Member of the Wyoming House of Representatives
- In office 1980–1994
- Preceded by: Thomas I. Getter
- Succeeded by: George McMurtrey
- Constituency: Campbell County (1980-1993) 52nd district (1993-1994)

Personal details
- Born: Earl Richard Wallis September 25, 1931 near Bosler, Wyoming, U.S.
- Died: September 27, 2022 (aged 91) El Paso, Texas, U.S.
- Party: Republican
- Occupation: rancher

= Dick Wallis =

American politician (1931–2022)

Earl Richard Wallis (September 25, 1931 – September 27, 2022) was an American politician in the state of Wyoming. He served in the Wyoming House of Representatives as a member of the Republican Party. Initially, he represented Campbell County, but after Wyoming switched the state legislature from a county-based system to a district based system in 1992, he represented the 52nd district.
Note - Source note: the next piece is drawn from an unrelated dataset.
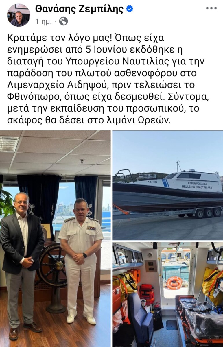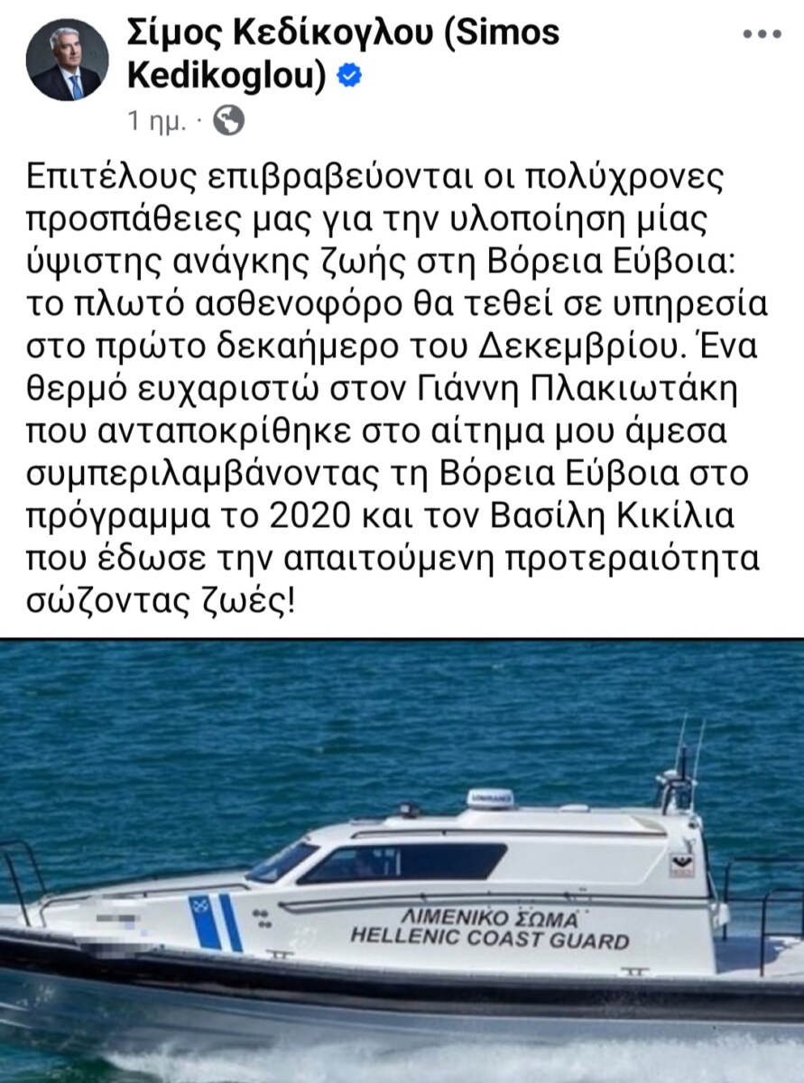 Ο Σίμος Κεδίκογλου επανήλθε στο θέμα με εκτενές κείμενο για όλες τις συναντήσεις και επαφές που είχε όλα αυτά τα χρόνια ώστε η Β. Εύβοια να αποκτήσει πλωτό ασθενοφόρο .

He was initially appointed on January 30, 1980 to replace Thomas I. Getter, who had resigned.

He attended Colorado State University and the University of Wyoming and is a rancher. His daughter Sue Wallis also served in the Wyoming House of Representatives. Dick Wallis died in El Paso, Texas on September 27, 2022, two days after his 91st birthday.